New Communities was a community land trust, one of the first of its kind.  There are some 260 of them around the country.  Our still thriving Mutual Housing Association of New York (MHANY) is likely listed in that mix with its thousands of land trust apartments.  All of our early ACORN Housing Corporation housing developments were founded on a land trust model.  Sadly, we were not able to continue on that model except in New York City.  Too many of the members wanted to see their housing equal wealth for their families.  We understood and eventually stopped trying to push water upstream.

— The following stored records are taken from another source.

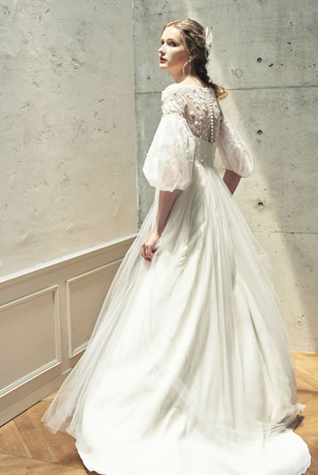 存在感のあるパフススリーブのロールドサガザンのウエディングドレス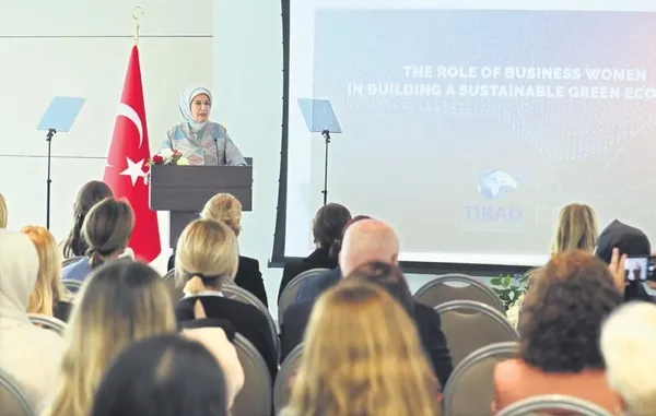 Başkan Erdoğan'ın eşi Emine Erdoğan, dün ABD'de Türkiye İş Kadınları Derneğinin düzenlediği konferansa katıldı. Türkevi'nde gerçekleşen etkinlikte konuşan Emine Erdoğan, "Kadınlarımızın, ara buluculuk ve iletişim güçlerini kullanarak, çevre diplomasisinde bayrağı en önde taşıyacağına yürekten inanıyorum" açıklaması yaptı.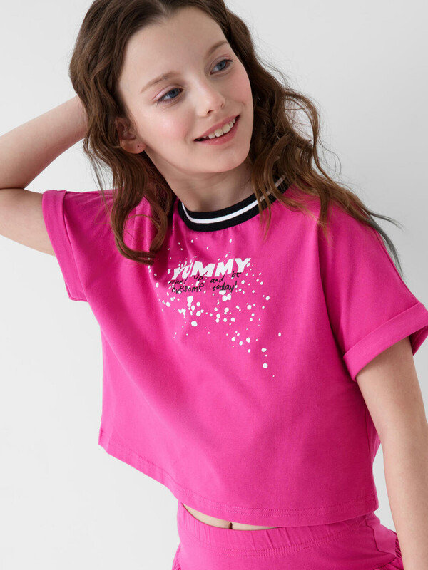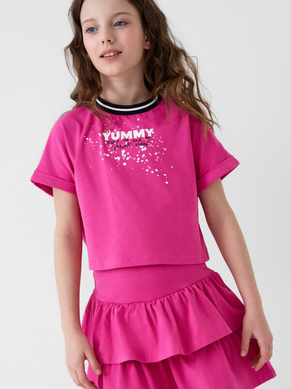 Легкий комплект для девочки подростка. Выполнен из мягкого хлопкового трикотажа джерси, состоящий из укороченной футболки и юбки-шорт. Футболка свободного кроя с ярким принтом. Пышная юбка на резинке с воланами, внутри имеет удобные шорты, что делает модель практичной для активного отдыха.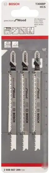 Этот набор оснастки Bosch содержит три аксессуара, которые помогут вам выполнить разнообразные работы. В комплект входит пильное полотно T 308 BP, предназначенное для резки различных материалов. Он легко устанавливается и обеспечивает точное и чистое срезание. Используйте этот набор, чтобы быстро и удобно справляться с проектами дома или в мастерской. Комплект подходит для тех, кто ценит качество и надежность инструмента Bosch. Простое использование делает его хорошим выбором для регулярных задач. Благодаря высокому качеству оснастки, вы будете получать хорошие результаты при каждом использовании.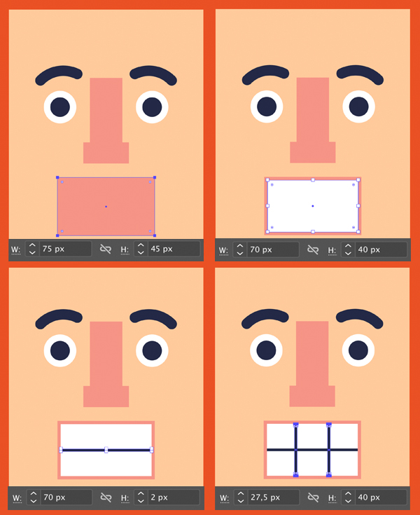 现在,我们将张大嘴!首先制作一个75 x 45像素的粉红色矩形。复制(Control-C),然后粘贴到前面(Control-F),然后将副本缩小到70 x
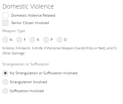 The third section of the UCR Review is the Domestic Violence section. This section allows you to mark whether the Case was Domestic Violence Related, if a Senior Citizen was involved, and what Weapon Type was used, or if there were none used.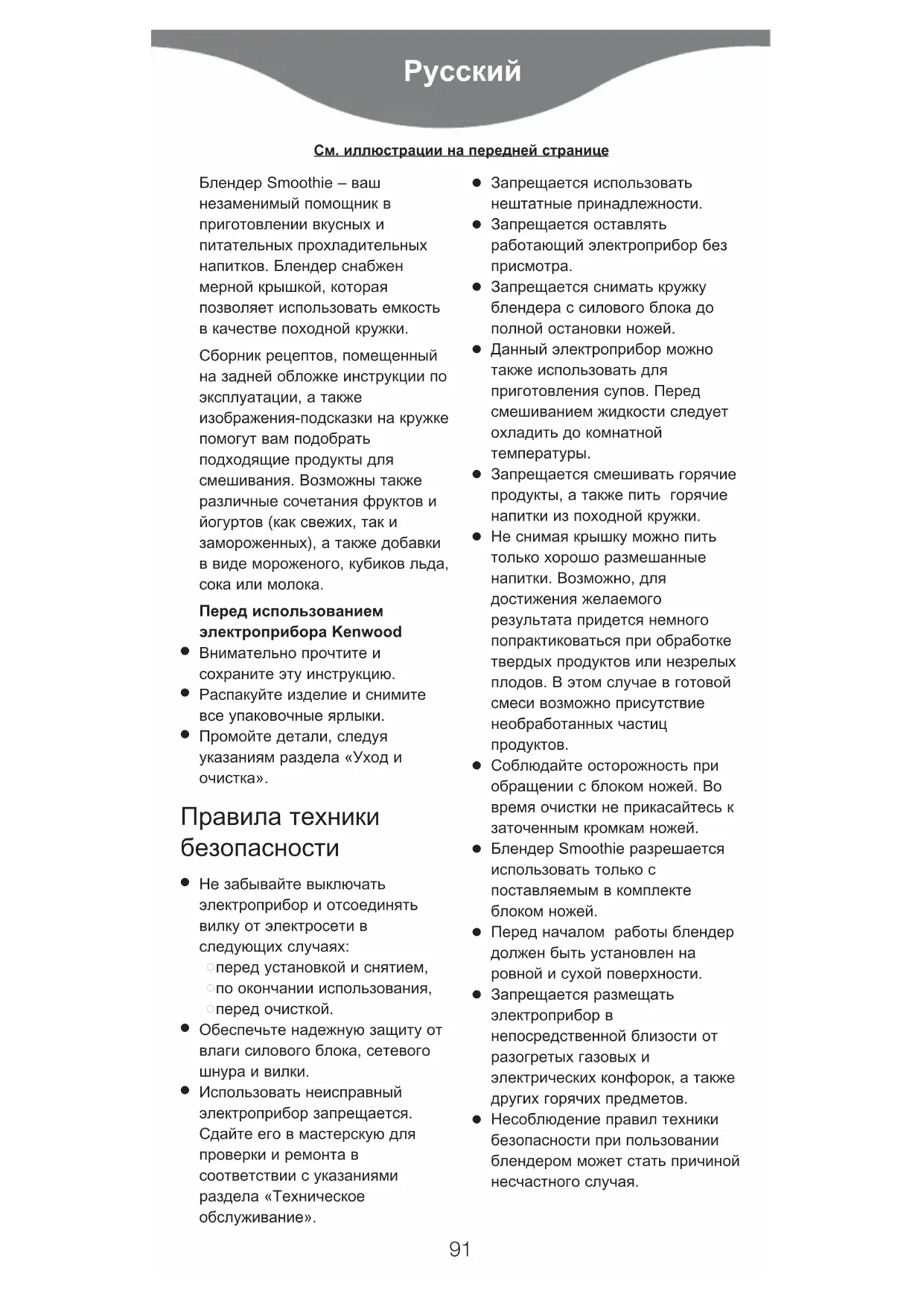 Этот бытовой электроприбор разрешается использовать только по его прямому назначению. Компания Kenwood не несет ответственности, если прибор используется не по назначению или не в соответствии с данной инструкцией. Перед подключением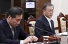 단호한 文대통령 - 문재인 대통령이 22일 청와대에서 굳은 표정으로 한일 군사정보보호협정(지소미아)과 관련해 국가안전보장회의(NSC) 상임위원회의 회의 내용을 보고받고 있다. 왼쪽은 이낙연 국무총리.청와대 제공 |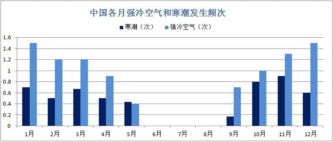 中國各月強冷空氣和寒潮發生頻次 圖片數據來源:國家氣候中心
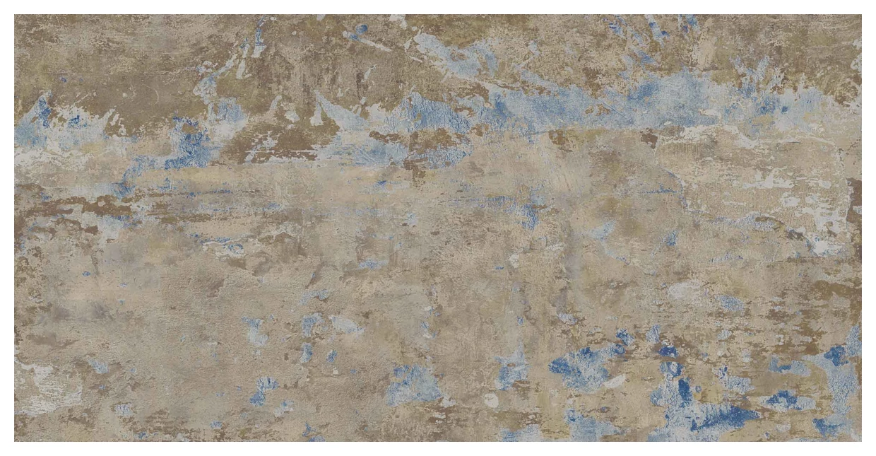 Evoke Blue Natural to gres rektyfikowany o wielkoformatowym formacie 59,55x119,3 cm, który wyróżnia się powierzchnią matową z efektem metalu. Kolory zdominowane są przez naturalne beże i zimne błękity, które nie są jednolite, lecz układają się w nieregularne wzory przypominające przemysłową fakturę. To nie przypadek - powierzchnia stawia na autentyczność i surowość metalu, co nadaje wnętrzom bardziej industrialny, nowoczesny charakter.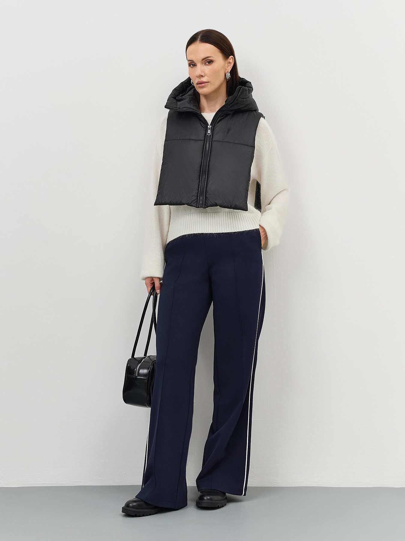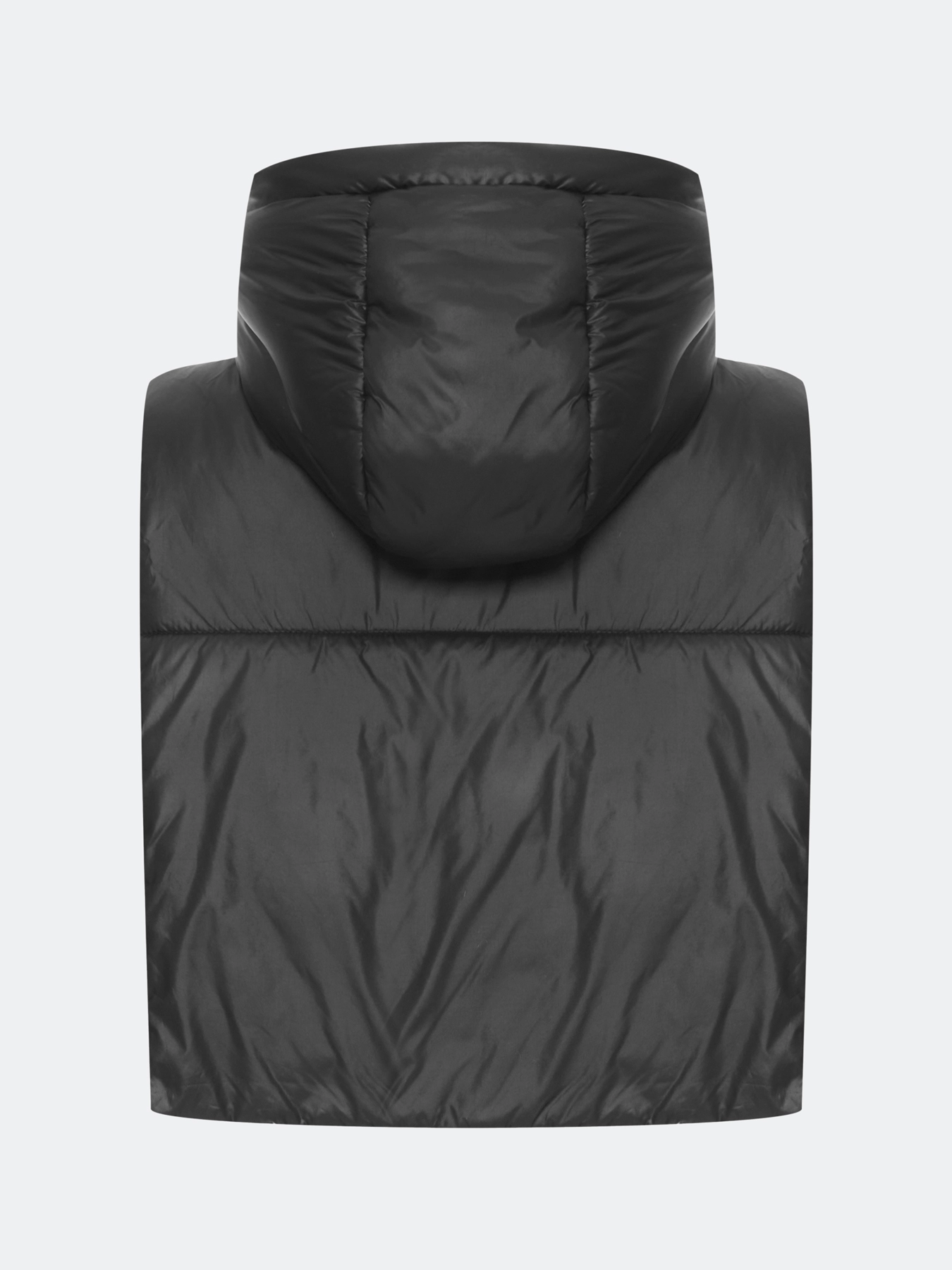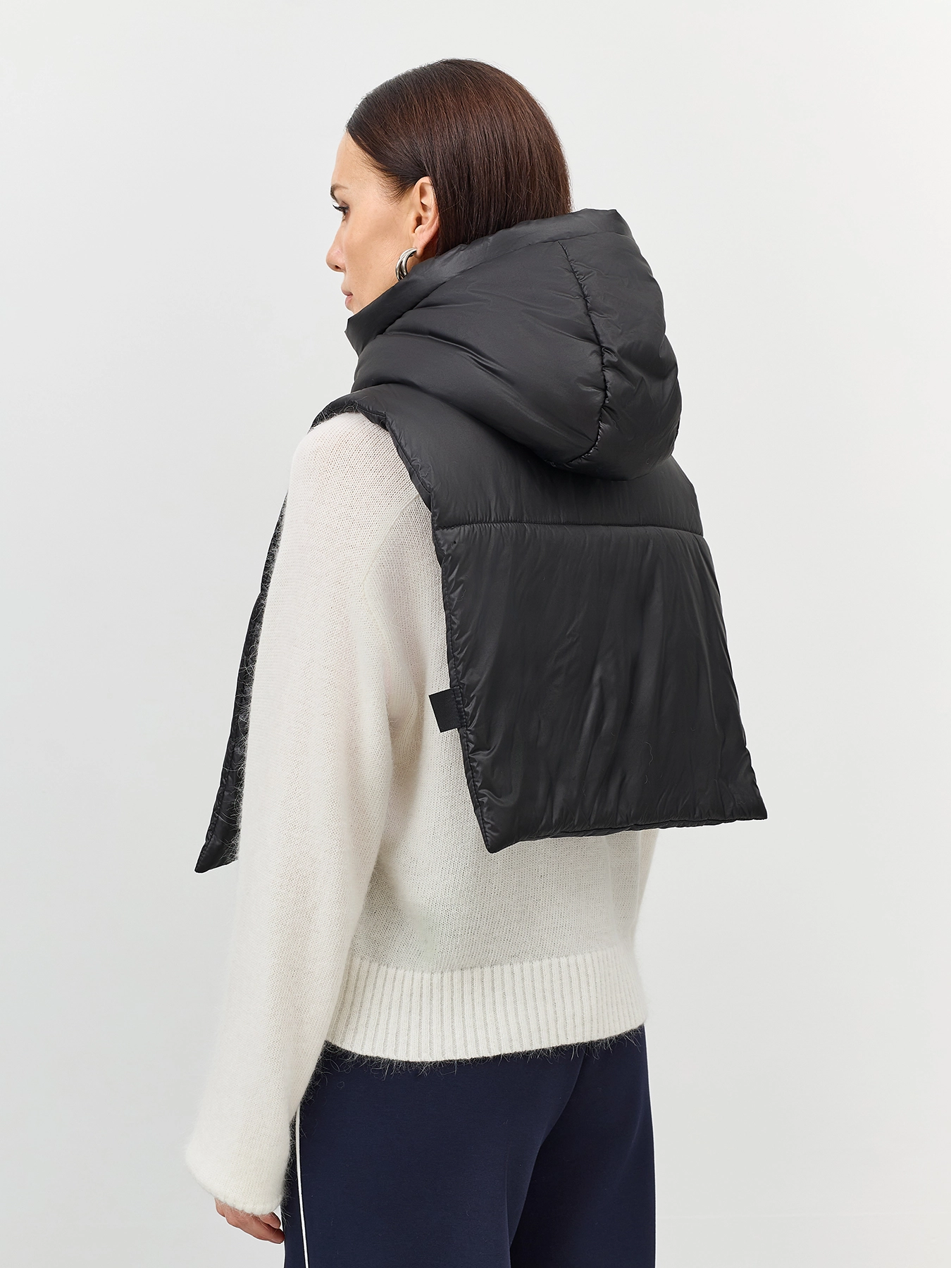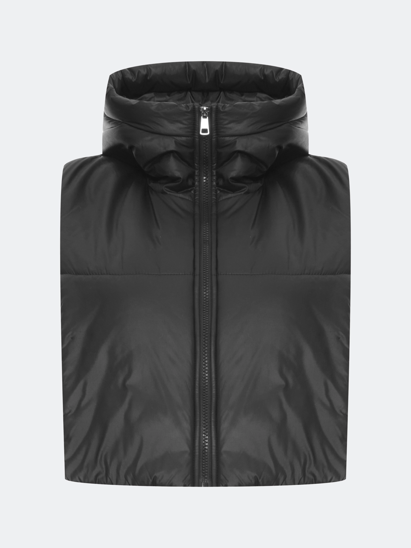 Базовая манишка прямого силуэта. Воротник стойка дополнен капюшоном. Застежка на молнию.

New Communities endured to 50 though, much as ACORN has, through the ups and downs, so I find myself celebrating with the Sherrods on that score as well.  Their groundbreaking success in the 1970s was crippled by first drought and USDA discrimination denying them a loan until a lawsuit by black farmers saw New Communities get the largest single settlement at $12 million.  Though they had lost their first 6000-acre property, the money allowed New Communities and its model to rise again twenty-five miles away, and celebrate their fifty years.  As I steered the riding mower around our four pecan trees to cut the tall grass on the half-acre ACORN Farm in New Orleans lower 9th Ward yesterday, I marveled at how hard their work had been and how amazing.

Creating a community land trust of any kind is never an easy ride.  It’s collective ownership and combined resources and decision making that’s a saddle sore on capitalism’s hide.  Tom Wahman and Charles and Shirley Sherrod and their fellow farmers were right.  We need more of these, no matter how many rocks are in the road.